ある殺し屋〜俺の仕事に仲間はいらない。死刑台に上るのは俺一人でたくさんだ〜

arukorosiya

 今日、紹介するのは市川雷蔵主演の「ある殺し屋」。1967年の作品で監督はイッショウさんと呼ばれた森一生大映創立以来の生え抜きの専属監督で大映を代表する監督の一人です。戦前に京大を卒業した超インテリでしたが、早撮りを得意としたプログラムピクチャアの職人で生涯に128本の作品を撮りました。しかし、一方ではローテーション監督と呼ばれて評価はあまり高くなかったようです。大映という会社は生え抜きを冷遇するというよくわからない会社でヒット作を出さない限りはボーナスももらえなかったとか。本人もそうした扱いを受けるのが面白くなかったのか、毎日のように安酒をあおった。毎晩、一升ぐらいの酒を飲んでるということからついたあだ名がイッショウさん。上にいたのが、溝口健二渡辺邦男伊藤大輔で下の世代に増村保造三隅研次田中徳三池広一夫がいたのではたまったもんではなかったでしょう。まさに職人で勝新の「座頭市」「悪名」「兵隊やくざ」シリーズに雷蔵の「眠狂四郎」「若親分」「濡れ髪」「忍びの者」シリーズに「大魔神」シリーズ(!)までともう大映のシリーズものは何でも監督している。こういう職人の存在が大映を支えたのだ。人情に厚く、大部屋俳優の面倒をよく見たので現場での人気は高かった。代表作を挙げるとすると「薄桜記」「忠直卿行状記」「江戸へ百七十里」「座頭市 逆手斬り」と様々な傑作が思い浮かびますが、やはり勝新出世作になった「不知火検校」が一番よかった。

 ヤクザ仲間の間にある殺し屋の噂が流れていた。ふだんは小料理屋の無口な主人だが、”仕事”となるとどんな仕事でもやってのける。銃もドスも使わずに畳針一本で相手を仕留めるのだ。法外な値段は取るがその腕前は大したものだ。。その男の名前は塩沢(市川雷蔵)と言った。

 ある日、塩沢は無銭飲食と引きかえに体を売ろうとしていた、ズベ公の圭子(野川由美子)の金を立て替えてやる。圭子は塩沢が金を持っていることに感づいて、塩沢に近づくが全く相手にされない。しかし彼女は諦めない。料理屋の女店員のみどり(小林幸子)を追い出して女中として住み込んでしまったのだ。

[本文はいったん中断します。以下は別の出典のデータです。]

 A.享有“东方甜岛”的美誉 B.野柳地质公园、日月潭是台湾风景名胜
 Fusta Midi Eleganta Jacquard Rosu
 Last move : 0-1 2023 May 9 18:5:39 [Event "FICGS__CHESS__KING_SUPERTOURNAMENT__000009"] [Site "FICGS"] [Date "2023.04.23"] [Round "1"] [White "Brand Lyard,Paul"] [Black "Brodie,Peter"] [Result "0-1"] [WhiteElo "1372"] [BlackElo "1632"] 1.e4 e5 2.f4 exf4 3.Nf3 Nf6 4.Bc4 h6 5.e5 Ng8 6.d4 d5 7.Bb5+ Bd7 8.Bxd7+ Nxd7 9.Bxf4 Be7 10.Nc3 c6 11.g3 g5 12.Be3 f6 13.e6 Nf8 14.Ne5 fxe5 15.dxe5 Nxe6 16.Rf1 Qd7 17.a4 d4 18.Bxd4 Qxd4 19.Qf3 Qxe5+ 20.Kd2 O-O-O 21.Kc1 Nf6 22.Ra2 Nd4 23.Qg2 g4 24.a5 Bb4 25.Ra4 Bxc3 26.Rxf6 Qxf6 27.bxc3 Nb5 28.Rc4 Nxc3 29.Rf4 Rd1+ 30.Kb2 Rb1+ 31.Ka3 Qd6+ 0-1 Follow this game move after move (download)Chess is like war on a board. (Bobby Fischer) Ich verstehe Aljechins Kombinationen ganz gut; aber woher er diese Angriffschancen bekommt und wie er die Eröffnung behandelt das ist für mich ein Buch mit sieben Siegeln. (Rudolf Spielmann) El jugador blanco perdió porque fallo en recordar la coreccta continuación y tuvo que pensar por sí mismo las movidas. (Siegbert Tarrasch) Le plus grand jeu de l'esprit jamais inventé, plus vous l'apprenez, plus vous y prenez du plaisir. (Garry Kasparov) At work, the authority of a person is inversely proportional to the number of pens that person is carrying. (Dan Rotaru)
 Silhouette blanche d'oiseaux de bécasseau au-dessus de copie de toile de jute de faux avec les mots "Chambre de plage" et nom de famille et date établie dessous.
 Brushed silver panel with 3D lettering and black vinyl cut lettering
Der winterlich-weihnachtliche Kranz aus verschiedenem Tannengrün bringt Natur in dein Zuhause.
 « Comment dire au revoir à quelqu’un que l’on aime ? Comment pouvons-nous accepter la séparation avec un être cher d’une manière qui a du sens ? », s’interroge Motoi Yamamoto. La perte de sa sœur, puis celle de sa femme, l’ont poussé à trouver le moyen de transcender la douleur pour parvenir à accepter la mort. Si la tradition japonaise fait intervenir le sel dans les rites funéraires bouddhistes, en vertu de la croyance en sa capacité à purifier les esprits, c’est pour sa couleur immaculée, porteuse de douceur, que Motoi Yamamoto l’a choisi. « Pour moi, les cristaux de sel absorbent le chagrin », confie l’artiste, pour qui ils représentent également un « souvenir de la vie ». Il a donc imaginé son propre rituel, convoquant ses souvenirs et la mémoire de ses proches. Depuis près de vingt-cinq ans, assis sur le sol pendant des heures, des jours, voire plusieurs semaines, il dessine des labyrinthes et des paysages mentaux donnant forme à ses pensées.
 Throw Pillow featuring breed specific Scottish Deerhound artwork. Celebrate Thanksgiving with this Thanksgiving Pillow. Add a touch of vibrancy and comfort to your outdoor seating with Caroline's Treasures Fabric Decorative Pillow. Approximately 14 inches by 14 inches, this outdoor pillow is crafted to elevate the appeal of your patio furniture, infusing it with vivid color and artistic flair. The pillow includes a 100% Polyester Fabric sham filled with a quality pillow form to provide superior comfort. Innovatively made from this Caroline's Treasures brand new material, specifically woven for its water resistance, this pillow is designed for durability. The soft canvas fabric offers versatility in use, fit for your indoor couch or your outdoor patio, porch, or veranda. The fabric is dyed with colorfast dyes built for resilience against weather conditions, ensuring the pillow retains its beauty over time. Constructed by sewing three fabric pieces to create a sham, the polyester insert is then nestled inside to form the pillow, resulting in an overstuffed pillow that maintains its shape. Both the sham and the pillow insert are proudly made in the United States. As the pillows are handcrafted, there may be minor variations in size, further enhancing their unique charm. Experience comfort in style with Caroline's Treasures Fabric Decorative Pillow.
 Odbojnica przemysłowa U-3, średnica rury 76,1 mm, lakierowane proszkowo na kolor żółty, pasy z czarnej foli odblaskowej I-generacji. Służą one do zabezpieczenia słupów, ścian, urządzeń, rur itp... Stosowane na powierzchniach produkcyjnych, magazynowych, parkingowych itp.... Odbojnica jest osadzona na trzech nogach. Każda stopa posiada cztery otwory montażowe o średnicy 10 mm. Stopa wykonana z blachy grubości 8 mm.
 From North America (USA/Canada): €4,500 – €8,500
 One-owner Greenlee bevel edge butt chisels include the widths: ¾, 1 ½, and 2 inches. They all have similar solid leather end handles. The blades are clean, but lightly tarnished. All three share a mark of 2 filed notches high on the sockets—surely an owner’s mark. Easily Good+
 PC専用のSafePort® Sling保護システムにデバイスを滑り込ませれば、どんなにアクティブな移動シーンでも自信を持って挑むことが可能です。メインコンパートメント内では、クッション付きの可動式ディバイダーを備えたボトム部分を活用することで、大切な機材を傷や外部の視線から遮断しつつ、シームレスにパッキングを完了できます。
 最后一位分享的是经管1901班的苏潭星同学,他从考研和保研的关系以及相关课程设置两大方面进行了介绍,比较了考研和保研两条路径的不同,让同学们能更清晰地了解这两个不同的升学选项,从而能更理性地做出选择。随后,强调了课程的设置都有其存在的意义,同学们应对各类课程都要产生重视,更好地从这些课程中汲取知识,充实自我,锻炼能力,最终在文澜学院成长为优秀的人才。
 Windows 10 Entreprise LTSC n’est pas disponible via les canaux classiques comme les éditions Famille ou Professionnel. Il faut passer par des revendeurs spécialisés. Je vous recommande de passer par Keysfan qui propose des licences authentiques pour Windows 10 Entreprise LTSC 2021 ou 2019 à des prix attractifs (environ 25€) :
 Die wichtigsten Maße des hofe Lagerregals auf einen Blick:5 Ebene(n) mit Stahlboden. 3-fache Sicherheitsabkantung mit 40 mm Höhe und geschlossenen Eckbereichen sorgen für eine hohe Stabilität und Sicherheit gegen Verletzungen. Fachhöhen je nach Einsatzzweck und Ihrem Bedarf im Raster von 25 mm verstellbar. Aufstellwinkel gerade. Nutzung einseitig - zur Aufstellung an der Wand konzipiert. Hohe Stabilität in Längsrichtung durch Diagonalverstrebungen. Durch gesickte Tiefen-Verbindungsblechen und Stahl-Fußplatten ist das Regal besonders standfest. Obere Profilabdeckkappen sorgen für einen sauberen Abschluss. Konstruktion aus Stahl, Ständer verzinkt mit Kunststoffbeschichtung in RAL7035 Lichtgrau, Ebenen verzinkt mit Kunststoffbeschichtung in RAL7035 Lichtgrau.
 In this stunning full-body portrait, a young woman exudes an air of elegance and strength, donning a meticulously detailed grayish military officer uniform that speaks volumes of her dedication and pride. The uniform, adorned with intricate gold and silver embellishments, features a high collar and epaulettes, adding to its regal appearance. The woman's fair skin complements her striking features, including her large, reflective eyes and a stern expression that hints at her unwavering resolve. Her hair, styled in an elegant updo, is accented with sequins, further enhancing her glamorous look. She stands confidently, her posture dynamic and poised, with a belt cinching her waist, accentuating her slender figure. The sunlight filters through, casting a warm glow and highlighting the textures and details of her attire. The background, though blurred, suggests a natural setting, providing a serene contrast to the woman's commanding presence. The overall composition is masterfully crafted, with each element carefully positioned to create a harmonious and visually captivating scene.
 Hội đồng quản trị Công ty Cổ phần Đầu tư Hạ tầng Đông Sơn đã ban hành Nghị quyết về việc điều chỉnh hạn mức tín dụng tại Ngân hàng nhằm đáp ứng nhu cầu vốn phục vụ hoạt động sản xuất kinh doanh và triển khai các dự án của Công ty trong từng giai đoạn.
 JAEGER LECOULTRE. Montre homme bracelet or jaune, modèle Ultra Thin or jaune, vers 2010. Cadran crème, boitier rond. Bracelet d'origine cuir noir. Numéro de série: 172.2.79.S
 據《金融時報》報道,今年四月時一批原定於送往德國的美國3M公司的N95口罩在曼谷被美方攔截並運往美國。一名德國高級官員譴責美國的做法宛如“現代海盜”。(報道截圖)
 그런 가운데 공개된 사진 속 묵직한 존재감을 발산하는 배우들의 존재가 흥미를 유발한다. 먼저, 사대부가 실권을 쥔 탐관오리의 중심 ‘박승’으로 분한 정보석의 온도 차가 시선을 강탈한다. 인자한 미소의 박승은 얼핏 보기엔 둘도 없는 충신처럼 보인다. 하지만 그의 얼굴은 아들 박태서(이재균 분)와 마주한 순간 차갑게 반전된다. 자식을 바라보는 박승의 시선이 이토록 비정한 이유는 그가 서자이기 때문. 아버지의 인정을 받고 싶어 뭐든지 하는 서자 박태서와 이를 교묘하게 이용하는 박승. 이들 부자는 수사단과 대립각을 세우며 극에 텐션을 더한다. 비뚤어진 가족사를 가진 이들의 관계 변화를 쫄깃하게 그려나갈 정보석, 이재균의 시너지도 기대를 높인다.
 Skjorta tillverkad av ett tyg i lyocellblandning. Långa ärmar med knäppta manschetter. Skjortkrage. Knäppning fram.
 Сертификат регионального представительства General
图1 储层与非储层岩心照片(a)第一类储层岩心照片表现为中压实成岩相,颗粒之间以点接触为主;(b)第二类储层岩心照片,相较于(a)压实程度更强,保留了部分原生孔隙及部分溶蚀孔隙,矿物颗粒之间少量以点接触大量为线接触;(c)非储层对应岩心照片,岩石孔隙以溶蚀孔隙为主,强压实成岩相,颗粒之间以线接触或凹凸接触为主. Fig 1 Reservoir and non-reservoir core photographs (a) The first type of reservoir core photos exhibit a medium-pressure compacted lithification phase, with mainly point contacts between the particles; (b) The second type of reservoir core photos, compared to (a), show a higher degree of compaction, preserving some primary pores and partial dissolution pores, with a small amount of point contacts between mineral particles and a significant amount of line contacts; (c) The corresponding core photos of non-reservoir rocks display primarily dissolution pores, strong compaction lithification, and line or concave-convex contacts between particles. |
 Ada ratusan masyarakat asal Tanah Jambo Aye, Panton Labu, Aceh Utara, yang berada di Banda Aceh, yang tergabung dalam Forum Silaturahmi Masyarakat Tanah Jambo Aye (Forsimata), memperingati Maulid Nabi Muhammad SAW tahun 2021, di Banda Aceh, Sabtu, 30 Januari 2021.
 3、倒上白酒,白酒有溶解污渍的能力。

 木村(小池朝雄)は悩んでいた。彼は土木を請け負う小さな暴力団の組長であるが、最近進出してきた大和田組に仕事を取られてにっちもさっちも行かない状態であった。彼は頭をつぶせば、大和田組は壊滅するはずだと大和田組長(松下達夫)の暗殺を思い立つ。塩沢の噂を聞いていた木村は早速、幹部の前田(成田三樹夫)に依頼させるが塩沢は相手にしない。木村がじきじきに依頼すると塩沢は2000万円で”仕事”を引き受けた。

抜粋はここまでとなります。